The mean for theta1 is 0.502, the standard deviation is 0.013, and the 95% confidence interval is (0.476 0.528).

(mean theta2) 
(sd theta2)
(quantile theta2 :probs [0.025 0.975]) 
(view (histogram theta2
                 :title "Dukakis Support"))

The mean for theta2 is 0.403, the standard deviation is 0.013, and the 95% confidence interval is (0.376 0.427).

(mean theta3) 
(sd theta3)
(quantile theta3 :probs [0.025 0.975]) 
(view (histogram theta3
                 :title "Other/Undecided"))

The mean for theta3 is 0.095, the standard deviation is 0.008, and the 95% confidence interval is (0.082 0.111).

Using the sample distributions for the parameters, we can view the distribution of other statistics, like the difference in support between Bush, Sr. and Dukakis. View a histogram of the difference in support for the two candidates.
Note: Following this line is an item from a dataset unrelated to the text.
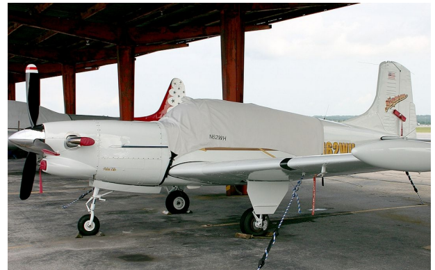
Beech Harpoon Canopy Cover, Exhaust Covers, Engine Plug

(view (histogram (minus theta1 theta2) 
                 :title "Bush, Sr. and Dukakis Diff"))

The sample-multinomial-params functions returns values from a Dirichlet distribution. The Dirichlet is the conjugate prior distribution for the parameters of the multinomial distribution, such that the posterior Dirichlet’s parameters equal the sum of the count data, y, and the parameters from the prior Dirichlet, alpha.

 p(\theta | y+\alpha) = p(y | \theta)p(\alpha)/p(y)  

Where

 y = (y_1, y_2, ..., y_k)  

are the count data that follow a multinomial distribution,

 \theta = (\theta_1, \theta_2, ..., \theta_k)  

are the parameters of the multinomial distribution, and

 \alpha = (\alpha_1, \alpha_2, ..., \alpha_k)  

are the hyper-parameters of the prior Dirichlet distribution. The likelihood function, p(y | theta), is a multinomial conditional distribution that describes the likelihood of seeing the observed y values, given the values of the parameter, theta.

The prior, p(alpha), is made uninformative by setting all the alpha values equal to one, producing a uniform distribution.

 \alpha = (1, 1, ..., 1) 

Then the posterior Dirichlet becomes

 p(\theta | y_1+1, y_2+1, .., y_3+1)  

Sample the proportions directly from the above Dirichlet distribution using the sample-dirichlet function.

(def alpha [1 1 1])
(def  props (sample-dirichlet 1000 (plus y alpha)))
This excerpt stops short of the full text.